PCH, Twin Turbos Versus Twin Frenchmen Edition: Twin-Turbo Ford Falcon or Two Peugeot 405 Mi16s? [Project Car Hell]

Welcome to Project Car Hell, where you choose your eternity by selecting the project that's the coolest... and the most hellish! Yesterday, the Humber Super Snipe got out-prestiged by the Aston Martin DBS, according to the Choose Your Eternity poll, and you'd think we'd follow up Britain-on-Britain and Italy-on-Italy matchups with a matchup honoring the other PCH Superpower, France. Instead, we're going to make PCH Supergalactic Megapower France do battle with lowly PCH underdog America today, and then we'll have a France-on-France matchup.


Can a Ford Falcon ever hope to generate the kind of toxic sulfurous flames needed to make an ordinary garage into a Hell Garage? The early Falcon was simple and reliable, shared a lot of components with other Ford products, and served as the basis for the first-gen Mustang, which- as we all know- benefits from compre-goddamn-hensive aftermarket parts support. Sure it can, provided there's a backyard-built blow-through-carbureted twin-turbo setup slapped on its 289! Yes, you can buy such a car (go here if the ad disappears), though we can't say how much the seller will take for it. It's got a spool-equipped 8" Ford rear end, which should be a real barrel of death laughs on wet pavement, and all the hassle of the turbo plumbing has been done. The engine is fried, most likely with the custom ventilated pistons you often get with the funky fuel delivery of blow-through turbo systems- "DIALED BOOST UP AND NOW MOTOR HAS LOTS OF BLOW BY POSSIBLE BAD RING, BUT ENGINE STILL RUNS!!"- but the junkyard, with its legions of cheap 5.0s, beckons; you could just keep blowing up $200 engines until you got everything set up right. We'd probably ditch the carburetor and go with some form of fuel injection, then add some intercoolers… and then there'd be all the fun of broken- and increasingly costly- drivetrain components if the engine made the 300-600 horses such a setup is good for. Still, how hard could it be? Thanks to LTDScott for the tip!

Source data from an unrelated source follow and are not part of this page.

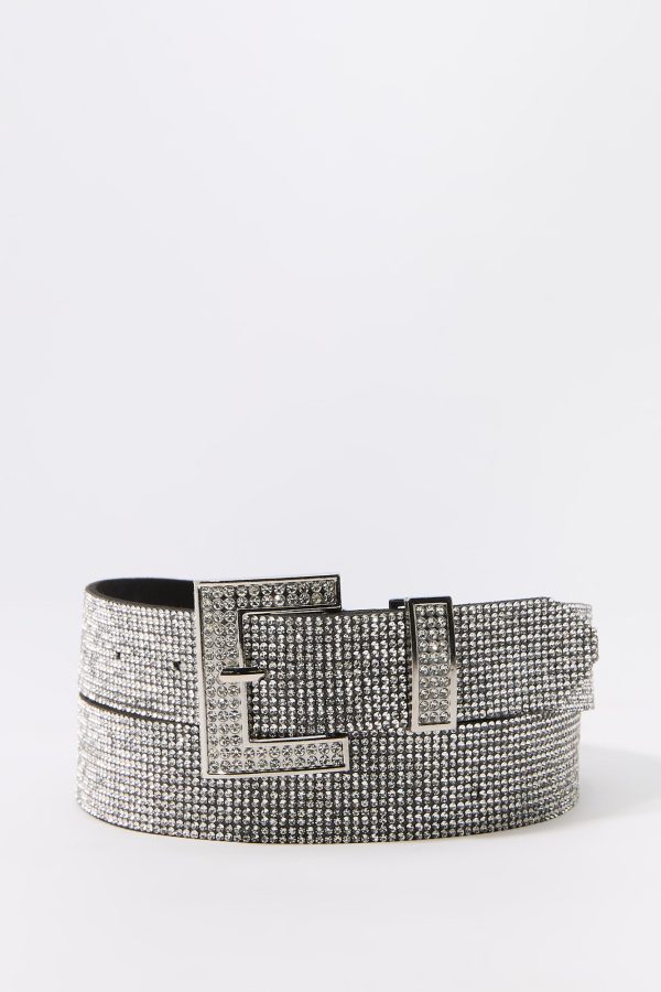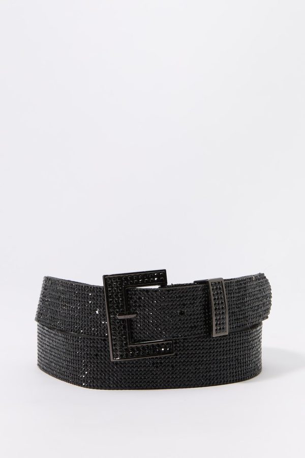 Shine bright with this must-have accessory. This belt features rhinestone embellishments and adjustable square buckle.
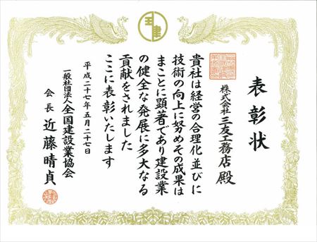 (一社)全国建設業協会から「経営の合理化並びに技術の向上に努める等、その成果は顕著である。」という内容で光栄にも会長表彰を受賞する事が出来ました。
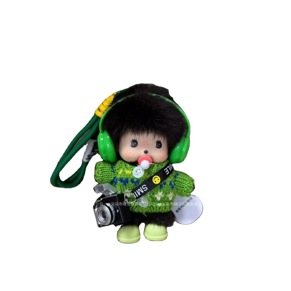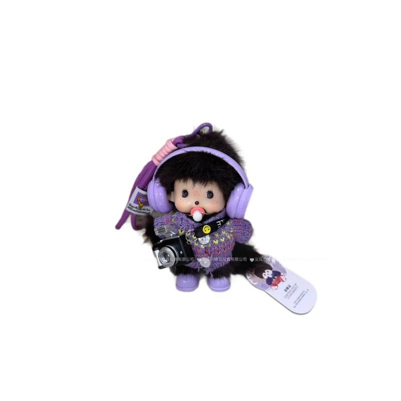 Porte-clés en peluche Mengqiqi - Accessoire de sac à main avec tenue mignonne interchangeable multi-style, peluche lumineuse avec appareil photo Munchi

While that Falcon would be fun if by some miracle you could get it running right, leaf springs and drum brakes don't make for an all-around pleasant driving experience, especially when you're making about five times the power the car's designers had in mind. If you're going to go fast, it's best to do so in a car designed for screaming performance as well as serious comfort, and that means you need to find yourself something French! The Peugeot 405 Mi16 is such a car, but it's so hard to find them over here in North America, and the prices! Fortunately, our own Matt Hardigree is searching for a personal Hell Project right now, and he's been scared to death by decided to share this Texas-sized Mi16 deal with us: Two 1989 Peugeot Mi16s (go here if ad disappears) for just $1,500! One of them doesn't run, because the timing belt went bye-bye and there were some personal-space-violation issues between the pistons and valves, but the engine in the quasi-beat-looking gray one works just fine (by the way, have you ever noticed that American Peugeot owners always have parts cars?). All you need to do is pick the best parts from each and make one good Mi16… well, that's assuming that the gray car- which sat for an alleged seven years before getting back on the road- can contribute anything meaningful beyond a not-yet-destroyed cylinder head. Anyway, you'll make it happen!

Twin-turbo Ford Falcon or twin Peugeot 405 Mi16s?